The Song of the Quarkbeast: Last Dragonslayer: Book Two (15 page)

‘The tourism sector is an underexploited resource in this Kingdom,’ he said. ‘The Cambrian Empire earns over eight million moolah in Tralfamosaur hunts alone.’

‘And those same hunters get eaten on a regular basis, I’ve heard.’

‘We will insist on payment in advance,’ replied the Colonel, who was clearly of a practical, if callous, frame of mind. ‘Now, where would I find a Quarkbeast?’

‘I can’t help you, Colonel.’

‘You
can
help me,’ he replied, ‘and will. Failure to assist a royal agent in the execution of their lawful duties is an offence punishable by two years in prison with hard labour.’

I stared at him for a moment and decided to call his bluff.

‘Then you will have to have me arrested, Colonel.’

He looked at me and a faint smile crossed his lined features.

‘You have spirit,’ he said at last, ‘and I respect that. Are you yet lined up for a husband? My third son is still without a wife.’

It wasn’t an unusual question; in the Kingdom of Snodd 95 per cent of marriages were by arrangement. The only benefit of being a orphan was that you were entitled to arrange your own.

‘Three possibles with five in reserve,’ I said, lying through my teeth. I’d had offers, of course, but nothing serious.

‘Can I put my son down as sixth reserve?’ he asked.

‘No.’

‘He has six acres and a steady job in waste disposal –
and
all his own teeth.’

‘How tempting,’ I replied, ‘but still no.’

‘Tarquin will be disappointed.’

‘I dare say I can live with that.’

The colonel thought for a moment.

‘Are you sure you won’t help me find the Quarkbeast?’

‘I would sooner sunbathe in the Tralfamosaur enclosure draped in bacon.’

‘I don’t need your help anyway,’ he said at last. ‘I have what information I need from the All Powerful Blix. Good day, Miss Strange. You’ll regret not considering Tarquin.’

And he hurried off in the direction of the bridge.

‘It’s “the
Amazing
Blix”,’ I called out after him, but to no avail. I shrugged, and turned for home.

As soon as I stepped into Zambini Towers I knew something was wrong. Wizard Moobin was sitting on a chair in the lobby looking worried.

‘Problems?’ I asked.

‘Full and Half Price have been arrested pending extradition to face charges in the Cambrian Empire,’
1
replied Moobin sadly. ‘It is alleged they were key figures in Cambria’s illegal thermowizidrical explosive device programme in the eighties, as banned by the Genevieve Convention of 1922.’

‘Is that serious?’

‘It’s a Crime against Harmony – the worst sort. It carries a double death with added death penalty.’

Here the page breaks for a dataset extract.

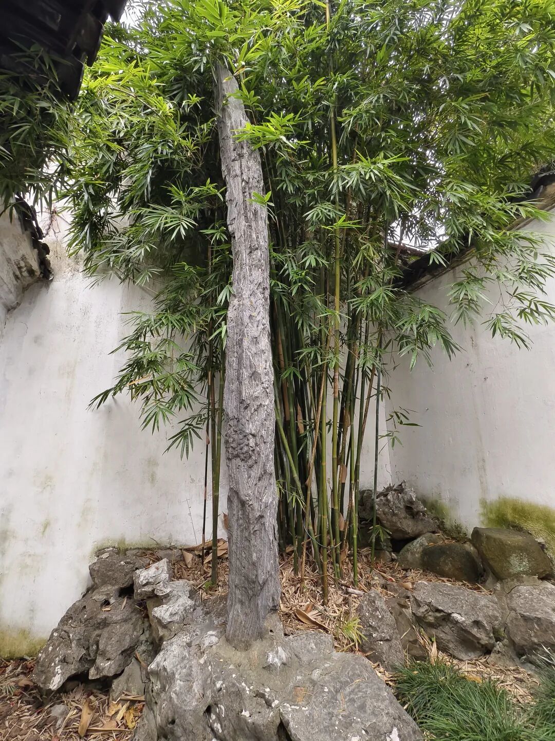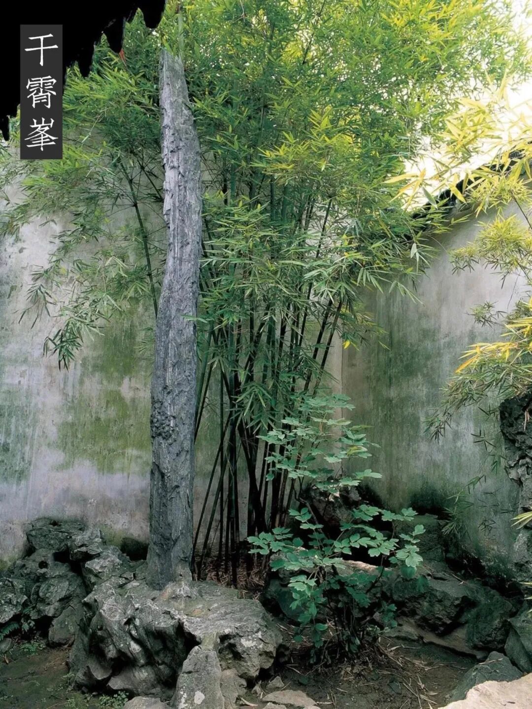 干霄峰 1975年12月,陈从周先生在留园土山上发现了一方隶书石刻残碑,14字一行,计有16行。内容主要叙述干霄一峰的来历。文曰:“居之西偏有旧园,增高为冈,穿深为池,溪径略具,未尽峰峦层折之妙,予因而葺之。拮据五年,粗有就绪,以其中多植白皮松,故名寒碧庄。罗致太湖石颇多,皆无甚奇,乃于虎皇之阴沙碛中,获见一石笋,广不满二尺,长几二丈,询之土人,俗呼为斧劈。石盖川产也不知何人辇至,卧于此间,亦不知历几何年。予以百斛艘载归,峙于寒碧庄听雨楼之西,自下而窥,有于霄之势,因以名焉……。”潘奕隽诗曰:“夏天浓翠落衣凉,未觉捎云竹影长;闻说桐衫甘露满,共侍一品属元章。”刘恕自题诗曰:“耿耿青天插剑门,云镂月有陈根;孤庭独立三千丈,万笏吴山一气吞。”

‘That’s insane,’ I replied. ‘The Prices wouldn’t hurt a fly. This is all totally trumped up, right?’

Moobin didn’t say anything. He just stood there and bit his lip.

‘Blast,’ I said under my breath, knowing from his look that this was
precisely
what the Prices had been fleeing when they arrived here twenty years before. The Great Zambini gave shelter to all those versed in the Mystical Arts, irrespective of past histories. I shuddered as I tried to think who else we might have in the building, and what they might have done.

‘We can still win the contest,’ said Moobin. ‘Me, Patrick and Perkins against Blix, Corby and Tchango. Look at it this way: three against three is a fair fight.’

‘With the greatest of respect,’ I replied, ‘Blix is not after a fair fight. He won’t stop until it’s his three against our one – or less.’

We sat in silence in the empty lobby, the only sounds the clock, the rustling of oak leaves and the occasional ‘pop’ as the Transient Moose moved in and out.

‘I’m sorry,’ I said at last.

‘What for?’

‘For agreeing to this contest.’

‘You didn’t have any option,’ said Moobin, placing his hand on my arm. ‘A challenge is a challenge. The real fault lies with Blix. How long do you think it will be before they arrest the next one of us?’

‘Any minute now, I should imagine.’

Just as I spoke Detective Norton and Sergeant Villiers walked into the lobby. If there was work to be done of a dubious nature that needed a veneer of legality, these two would be doing it.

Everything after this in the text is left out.